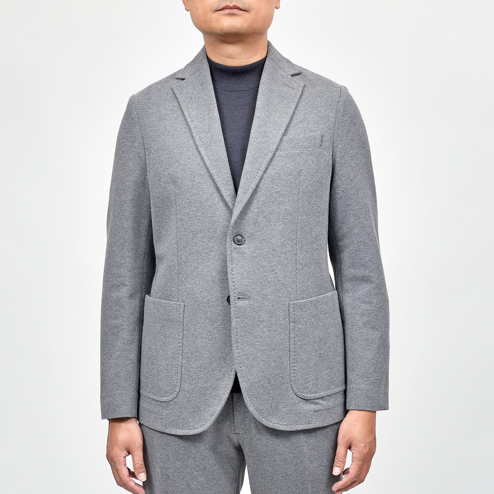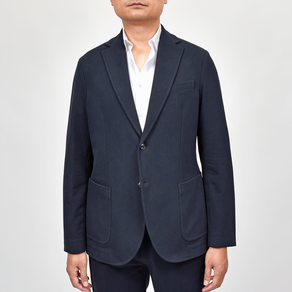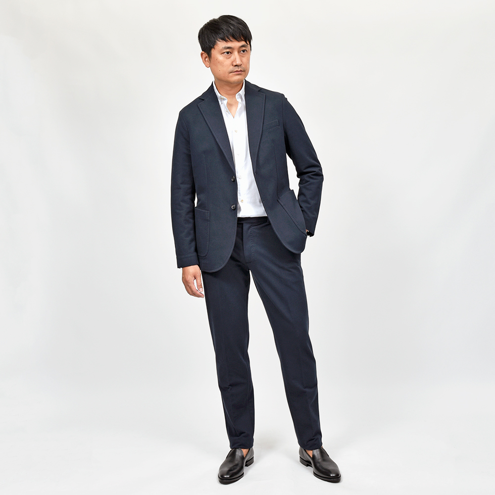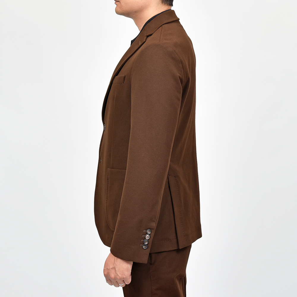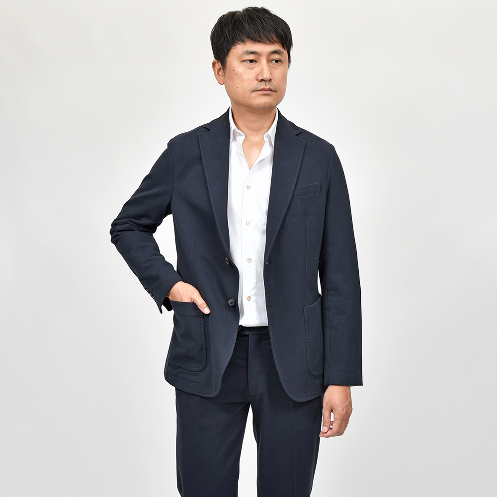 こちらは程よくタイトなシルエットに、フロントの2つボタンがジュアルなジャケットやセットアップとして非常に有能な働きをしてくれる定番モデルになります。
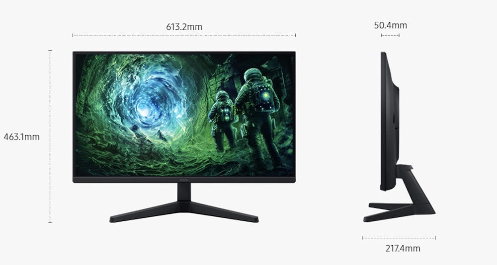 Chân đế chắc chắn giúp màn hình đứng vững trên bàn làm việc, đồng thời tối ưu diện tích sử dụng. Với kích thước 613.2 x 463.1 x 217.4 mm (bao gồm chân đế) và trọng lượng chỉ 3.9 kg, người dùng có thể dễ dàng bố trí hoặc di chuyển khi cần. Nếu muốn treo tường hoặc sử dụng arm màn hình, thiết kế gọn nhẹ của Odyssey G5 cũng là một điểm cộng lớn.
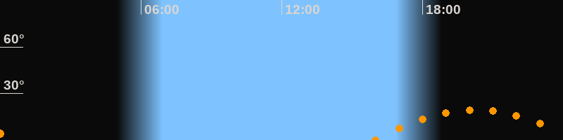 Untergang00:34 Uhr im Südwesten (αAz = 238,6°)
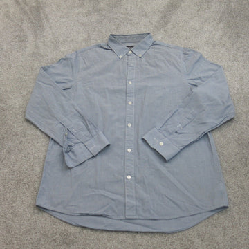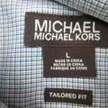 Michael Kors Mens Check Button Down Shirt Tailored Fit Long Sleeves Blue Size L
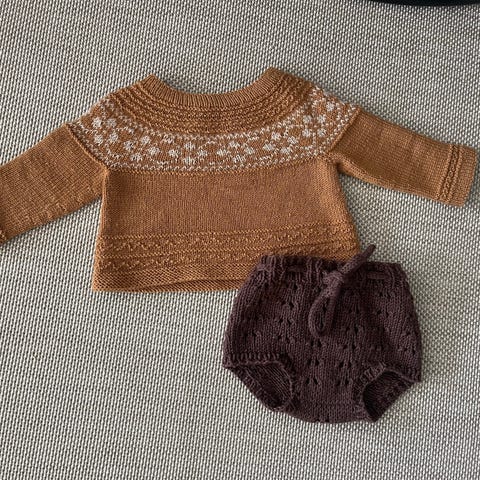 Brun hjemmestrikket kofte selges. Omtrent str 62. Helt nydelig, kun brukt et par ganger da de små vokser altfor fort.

---

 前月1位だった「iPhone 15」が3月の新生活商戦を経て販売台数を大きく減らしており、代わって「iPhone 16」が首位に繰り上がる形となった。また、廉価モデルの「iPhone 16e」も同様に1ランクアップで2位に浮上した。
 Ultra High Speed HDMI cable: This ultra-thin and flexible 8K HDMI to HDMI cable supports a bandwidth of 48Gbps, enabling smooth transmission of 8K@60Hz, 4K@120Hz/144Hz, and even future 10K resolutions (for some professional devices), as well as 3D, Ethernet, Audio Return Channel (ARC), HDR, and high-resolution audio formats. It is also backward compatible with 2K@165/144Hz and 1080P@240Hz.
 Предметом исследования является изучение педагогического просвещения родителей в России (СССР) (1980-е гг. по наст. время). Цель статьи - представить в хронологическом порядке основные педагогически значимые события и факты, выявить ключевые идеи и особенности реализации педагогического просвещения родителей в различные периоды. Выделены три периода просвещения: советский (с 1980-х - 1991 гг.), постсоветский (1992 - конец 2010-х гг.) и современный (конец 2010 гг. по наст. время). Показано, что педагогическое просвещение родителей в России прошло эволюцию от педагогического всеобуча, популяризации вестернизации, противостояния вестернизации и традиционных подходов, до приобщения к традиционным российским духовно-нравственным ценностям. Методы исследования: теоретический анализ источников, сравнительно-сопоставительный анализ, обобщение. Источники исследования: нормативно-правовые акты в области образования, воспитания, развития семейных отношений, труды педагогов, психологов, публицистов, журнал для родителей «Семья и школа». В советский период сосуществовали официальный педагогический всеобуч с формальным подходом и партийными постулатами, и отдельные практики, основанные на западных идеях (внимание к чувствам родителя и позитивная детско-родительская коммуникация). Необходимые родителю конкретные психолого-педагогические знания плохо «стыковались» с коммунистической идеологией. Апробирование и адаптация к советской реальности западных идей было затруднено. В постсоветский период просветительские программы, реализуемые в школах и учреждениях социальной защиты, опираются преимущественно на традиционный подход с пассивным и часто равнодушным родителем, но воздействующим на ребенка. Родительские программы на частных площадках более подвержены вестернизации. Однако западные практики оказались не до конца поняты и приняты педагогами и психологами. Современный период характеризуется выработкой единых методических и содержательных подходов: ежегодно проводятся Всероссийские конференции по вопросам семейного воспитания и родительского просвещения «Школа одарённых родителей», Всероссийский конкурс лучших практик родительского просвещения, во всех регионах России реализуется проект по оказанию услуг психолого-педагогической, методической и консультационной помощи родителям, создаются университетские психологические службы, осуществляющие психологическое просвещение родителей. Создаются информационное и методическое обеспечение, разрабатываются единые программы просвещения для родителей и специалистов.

---

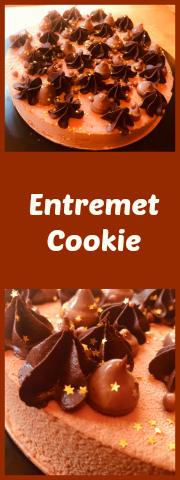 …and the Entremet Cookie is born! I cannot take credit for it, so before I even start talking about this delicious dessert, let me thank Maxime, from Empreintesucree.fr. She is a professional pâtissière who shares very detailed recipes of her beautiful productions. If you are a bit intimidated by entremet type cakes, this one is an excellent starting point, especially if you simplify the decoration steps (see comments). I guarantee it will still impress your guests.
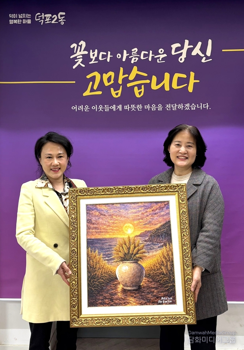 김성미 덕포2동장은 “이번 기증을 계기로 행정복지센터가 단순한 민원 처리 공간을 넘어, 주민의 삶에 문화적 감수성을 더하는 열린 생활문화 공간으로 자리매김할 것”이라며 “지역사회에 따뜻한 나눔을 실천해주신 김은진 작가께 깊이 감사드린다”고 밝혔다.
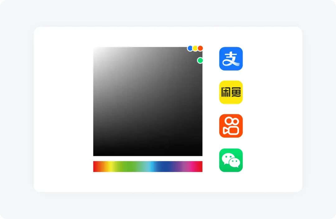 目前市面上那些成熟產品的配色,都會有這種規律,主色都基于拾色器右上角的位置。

### Work item
Print exactly the lines above that run from the one with "こちらは程よくタイトなシルエ" down to the one with "Brun hjemmestrikket kofte", and omit the pictures.

### Solution
 こちらは程よくタイトなシルエットに、フロントの2つボタンがジュアルなジャケットやセットアップとして非常に有能な働きをしてくれる定番モデルになります。
 Chân đế chắc chắn giúp màn hình đứng vững trên bàn làm việc, đồng thời tối ưu diện tích sử dụng. Với kích thước 613.2 x 463.1 x 217.4 mm (bao gồm chân đế) và trọng lượng chỉ 3.9 kg, người dùng có thể dễ dàng bố trí hoặc di chuyển khi cần. Nếu muốn treo tường hoặc sử dụng arm màn hình, thiết kế gọn nhẹ của Odyssey G5 cũng là một điểm cộng lớn.
 Untergang00:34 Uhr im Südwesten (αAz = 238,6°)
 Michael Kors Mens Check Button Down Shirt Tailored Fit Long Sleeves Blue Size L
 Brun hjemmestrikket kofte selges. Omtrent str 62. Helt nydelig, kun brukt et par ganger da de små vokser altfor fort.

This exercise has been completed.